Повести и рассказы: Виктор Баныкин - Баныкин Виктор Иванович 9 стр.


— Потерпи, уж недолго, — сказал Юрий и опять схватил Геннадия за плечо: — Глянь-ка!

Совсем близко от лодки выпрыгнул из воды малек, сверкнув на солнце лазурным бочком. И вслед за ним, будоража воду, вынырнула зубастая щучья пасть.

— Бей ее веслом! — закричал Давыдов.

Матрос выхватил из уключины весло, замахнулся… Мелькнула черная спина, широкий хвост с силой ударил по воде, поднимая сноп радужных брызг, и щуки след простыл.

Обескураженный матрос опустил весло, сел на свое место и, шумно вздыхая, протянул:

— Щу-ука! Должно быть, ребята, килограммов на пять.

— Ну и растяпа же ты! — с досадой проговорил штурман. — Хватил бы ее веслом…

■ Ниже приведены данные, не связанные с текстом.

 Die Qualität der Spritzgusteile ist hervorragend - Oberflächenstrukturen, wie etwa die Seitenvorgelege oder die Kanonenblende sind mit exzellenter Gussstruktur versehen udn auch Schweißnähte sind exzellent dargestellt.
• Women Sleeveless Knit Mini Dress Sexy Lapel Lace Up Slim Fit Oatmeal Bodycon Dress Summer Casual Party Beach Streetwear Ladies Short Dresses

— Взял бы да и хватил, раз мастер, — беззлобно пробурчал матрос.

Кнопочкин усмехнулся:

— Как она, парень, красиво хвостом тебе махнула! До свиданья, мол, друг любезный! Поищи в другом месте дуру!

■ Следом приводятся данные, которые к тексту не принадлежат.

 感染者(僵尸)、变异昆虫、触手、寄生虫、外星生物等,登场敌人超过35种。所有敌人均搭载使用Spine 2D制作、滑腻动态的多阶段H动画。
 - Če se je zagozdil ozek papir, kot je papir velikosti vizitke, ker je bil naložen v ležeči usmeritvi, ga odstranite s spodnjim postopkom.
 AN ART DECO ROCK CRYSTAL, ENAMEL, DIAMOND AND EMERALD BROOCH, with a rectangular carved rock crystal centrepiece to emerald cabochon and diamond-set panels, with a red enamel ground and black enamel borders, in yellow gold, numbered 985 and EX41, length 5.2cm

— Заметил, какие зубы? — спросил Юрия Геннадий и, не дожидаясь ответа, отвернулся, снова уставился за борт. Он как бы ожидал, не покажется ли щука еще раз.

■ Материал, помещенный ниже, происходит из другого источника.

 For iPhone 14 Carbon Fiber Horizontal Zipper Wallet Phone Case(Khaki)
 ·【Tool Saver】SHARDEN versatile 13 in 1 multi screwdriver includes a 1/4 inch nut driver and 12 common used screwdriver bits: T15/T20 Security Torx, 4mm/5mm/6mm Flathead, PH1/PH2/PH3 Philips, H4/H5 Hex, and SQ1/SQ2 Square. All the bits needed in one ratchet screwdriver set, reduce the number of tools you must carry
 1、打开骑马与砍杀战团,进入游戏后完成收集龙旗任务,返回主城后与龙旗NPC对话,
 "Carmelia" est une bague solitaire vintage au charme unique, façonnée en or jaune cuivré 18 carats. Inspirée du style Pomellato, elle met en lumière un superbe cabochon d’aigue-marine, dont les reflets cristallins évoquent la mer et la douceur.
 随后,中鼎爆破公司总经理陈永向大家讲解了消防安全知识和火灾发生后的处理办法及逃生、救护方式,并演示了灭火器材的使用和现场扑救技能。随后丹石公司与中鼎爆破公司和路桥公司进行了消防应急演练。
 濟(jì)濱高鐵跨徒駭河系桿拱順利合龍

Наконец Геннадию наскучило смотреть на воду, и он перевел взгляд на островок.

Остров приближался. Казалось, эта сверкающая кремовато-белая песчаная россыпь дышала зноем пустыни.

А что, если на этот одинокий остров, появившийся всего лишь несколько дней назад, еще не ступала нога человека? Геннадию ни разу в жизни не доводилось бывать на необитаемых островах. У него заблестели глаза, и он подался всем телом вперед. Ему захотелось сейчас же кинуться в воду и первым достичь островка, первым погрузить ноги в горячий сыпучий песок.

Он смерил взглядом расстояние от лодки до отмели — метров тридцать, не больше. Недолго думая Геннадий сбросил гимнастерку, штаны и вскочил на скамейку.

— Берегись, Юрка! — отчаянно закричал он и, пружинисто подпрыгнув, полетел вниз головой за борт.

Он ушел под воду отвесно, как свеча, мелькнули в воздухе ступни с розоватыми пятками, но и они тотчас скрылись в пузырившейся воде.

Работая руками и ногами, Геннадий штопором ввинчивался в воду, стараясь уйти в самую глубь. Ему хотелось пробыть под водой как можно дольше, но какая-то властная сила, холодом обжигавшая все тело, толкала его вверх. Вот он вынырнул, громко фыркнул и поплыл к острову.

Позади него ухнуло: видимо, кто-то тоже прыгнул в воду, но Геннадий даже не оглянулся.

«Поднажмем!» — приказал он себе и поплыл быстрее, с силой выбрасывая вперед руки. Его упругое, вытянутое тело легко скользило вперед.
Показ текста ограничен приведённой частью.